If you would like to view the differences it would make sense to drop some variables and rearrange the data:
rank_diff_df %>%
select(Year, Country, Happiness.Rank, Rank.Diff) %>%
arrange(Country)
Which returns:
# A tibble: 470 x 4
# Groups: Country [166]
Year Country Happiness.Rank Rank.Diff
<chr> <fct> <int> <int>
1 2015 Afghanistan 153 NA
2 2016 Afghanistan 154 1
3 2017 Afghanistan 141 -13
4 2015 Albania 95 NA
5 2016 Albania 109 14
6 2017 Albania 109 0
7 2015 Algeria 68 NA
8 2016 Algeria 38 -30
9 2017 Algeria 53 15
10 2015 Angola 137 NA
# … with 460 more rows
The above data frame will work well with ggplot2 if you are planning on plotting the results.
If you don't feel comfortable with dplyr you can use base R's merge to combine the dataframes, and then create a new dataframe with the differences as columns:
df_wide <- merge(merge(df15, df16, by = "Country"), df17, by = "Country")
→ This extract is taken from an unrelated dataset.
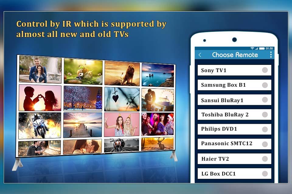 Remote Control For All TV is a prank application, just for fun and it does not work in real.

rank_diff_df <- data.frame(Country = df_wide$Country,
Y2015.2016 = df_wide$Happiness.Rank.y -
df_wide$Happiness.Rank.x,
Y2016.2017 = df_wide$Happiness.Rank -
df_wide$Happiness.Rank.y
)
Which returns:
head(rank_diff_df, 10)
Country Y2015.2016 Y2016.2017
1 Afghanistan 1 -13
2 Albania 14 0
3 Algeria -30 15
4 Angola 4 -1
5 Argentina -4 -2
6 Armenia -6 0
7 Australia -1 1
8 Austria -1 1
9 Azerbaijan 1 4
10 Bahrain -7 -1
Assuming the three datasets are present in your environment with the name data2015, data2016 and data2017, we can add a year column with the respective year and keep the columns which are present in keepcols vector. arrange the data by Country and Year, group_by Country, keep only those countries which are present in all 3 years and then subtract the values from previous rows using lag or diff.
library(dplyr)
data2015$Year <- 2015
data2016$Year <- 2016
data2017$Year <- 2017
df <- bind_rows(data2015, data2016, data2017)
data <- df[keepcols]
data %>%
arrange(Country, Year) %>%
group_by(Country) %>%
filter(n() == 3) %>%
mutate_at(-1, ~. - lag(.)) #OR
#mutate_at(-1, ~c(NA, diff(.)))
# A tibble: 438 x 10
# Groups: Country [146]
# Country Happiness.Rank Economy..GDP.pe… Family Health..Life.Ex… Freedom
# <chr> <int> <dbl> <dbl> <dbl> <dbl>
# 1 Afghan… NA NA NA NA NA
# 2 Afghan… 1 0.0624 -0.192 -0.130 -0.0698
# 3 Afghan… -13 0.0192 0.471 0.00731 -0.0581
# 4 Albania NA NA NA NA NA
# 5 Albania 14 0.0766 -0.303 -0.0832 -0.0387
# 6 Albania 0 0.0409 0.302 0.00109 0.0628
# 7 Algeria NA NA NA NA NA
# 8 Algeria -30 0.113 -0.245 0.00038 -0.0757
# 9 Algeria 15 0.0392 0.313 -0.000455 0.0233
#10 Angola NA NA NA NA NA
# … with 428 more rows, and 4 more variables: Trust..Government.Corruption. <dbl>,
# Generosity <dbl>, Dystopia.Residual <dbl>, Year <dbl>
The value of first row for each Year would always be NA, rest of the values would be subtracted by it's previous values.